McCrary developed the standard test for whether agents are manipulating the running variable to sort around the cutoff. If the density of the running variable shows a discontinuity at the cutoff, the RDD is compromised. This density test is now a routine validity check in all RDD papers.
Chava, S., & Roberts, M. R. (2008). How Does Financing Impact Investment? The Role of Debt Covenants.
Chava and Roberts used an RDD around debt covenant thresholds to study how covenant violations affect firm investment. This paper is an important early application of RDD in corporate finance, where accounting-based thresholds create natural discontinuities.
Flammer, C. (2015). Does Corporate Social Responsibility Lead to Superior Financial Performance? A Regression Discontinuity Approach.
Flammer applied an RDD to shareholder votes on CSR proposals, comparing firms where proposals barely passed versus barely failed. She found that adopting CSR proposals led to improved financial performance. This paper is one of the best-known RDD applications in a top management journal.
Dell, M. (2010). The Persistent Effects of Peru's Mining Mita.

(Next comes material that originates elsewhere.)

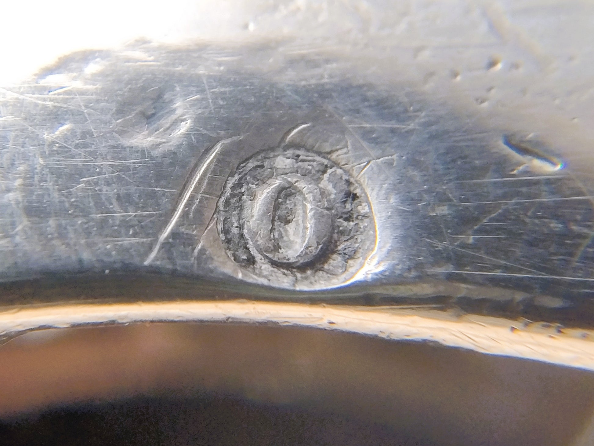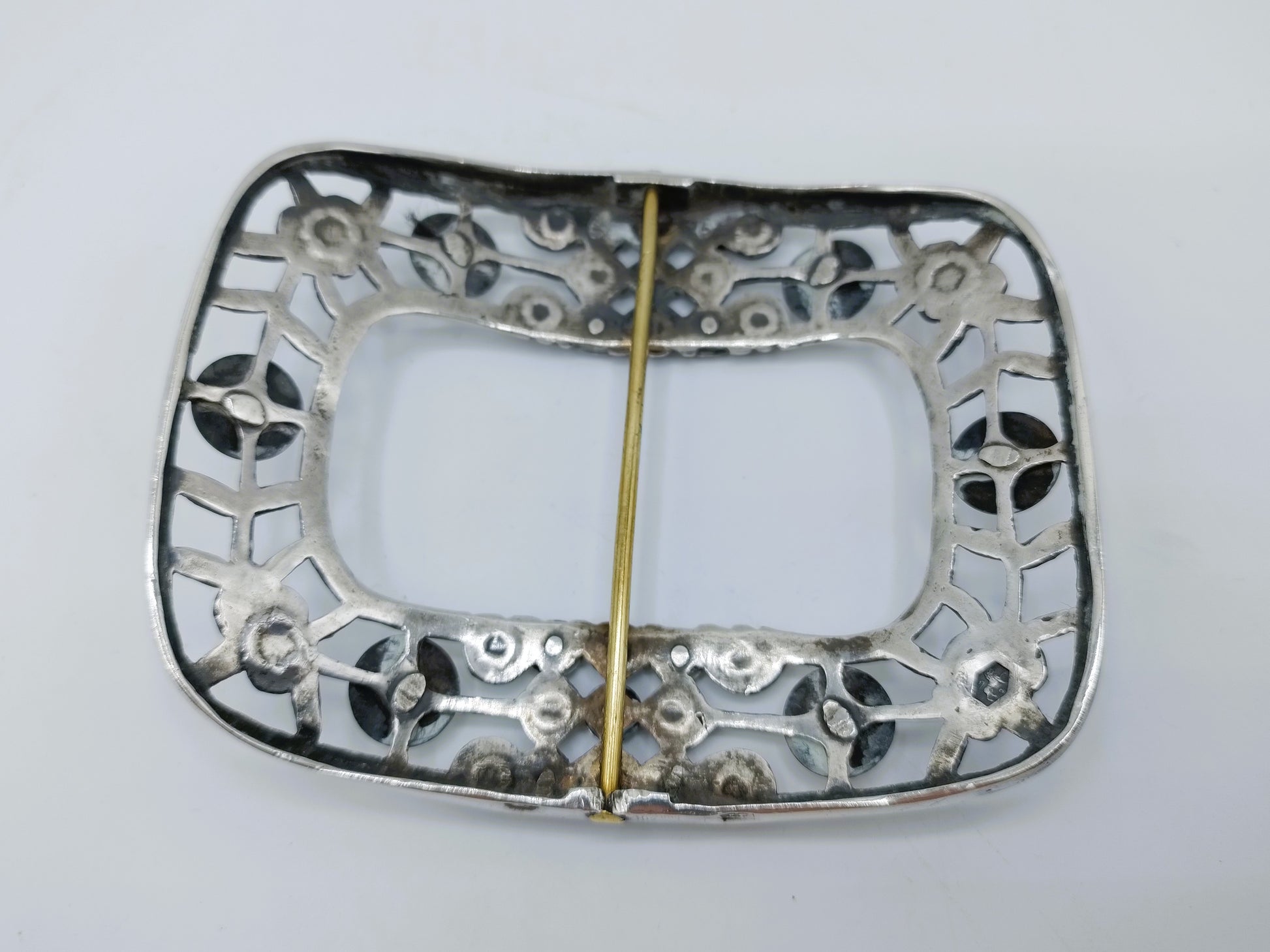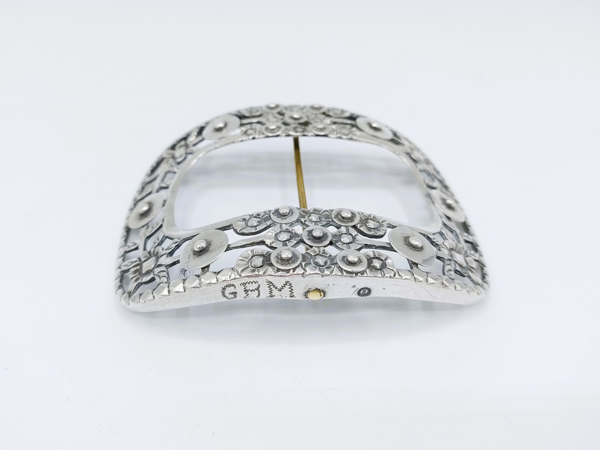 De gesp is gekeurd met het tweede gehaltekeur, minervakopje G voor Zwolle, jaarletter O voor 1848 en meesterteken HD31.
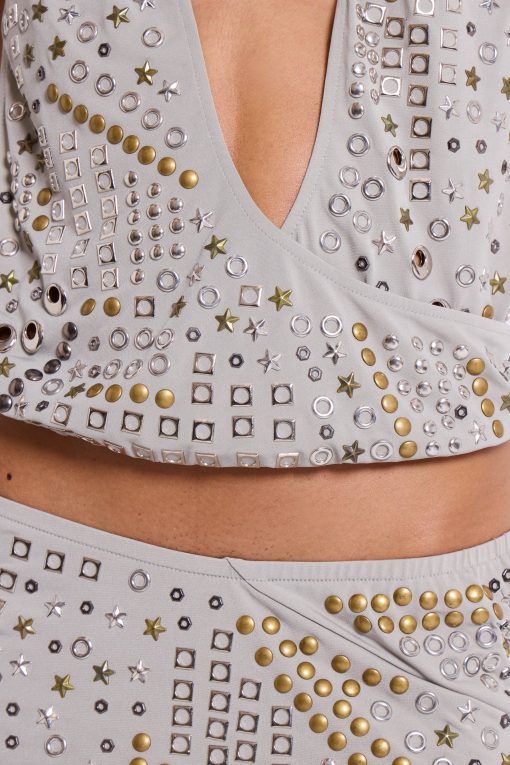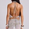 DescriptionXtal Studded Backless Plunge Top. Multi studded halterneck tie plunge top.

Uses a geographic RDD exploiting the historical boundary of the mita forced labor system in Peru to estimate the persistent effect of colonial institutions on economic outcomes centuries later. Demonstrates how RDD can exploit spatial discontinuities, not just score-based cutoffs.
Cunat, V., Gine, M., & Guadalupe, M. (2012). The Vote Is Cast: The Effect of Corporate Governance on Shareholder Value.
Uses close shareholder votes on governance proposals as an RDD to estimate the effect of governance changes on firm value. Demonstrates how the RDD framework can be applied in corporate finance and governance research, complementing Flammer (2015) on CSR proposals.
Survey (2)
Lee, D. S., & Lemieux, T. (2010). Regression Discontinuity Designs in Economics.
This comprehensive survey covers the theory, practice, and applications of RDD in economics. It discusses both sharp and fuzzy designs, graphical analysis, specification testing, and common pitfalls. Essential reading for anyone starting with RDD.
Cattaneo, M. D., & Titiunik, R. (2022). Regression Discontinuity Designs.
A recent survey covering the state of the art in RDD methodology, including extensions to fuzzy designs, geographic RDD, and multi-cutoff designs. Provides guidance on current recommended practices and is an excellent entry point to the modern RDD literature.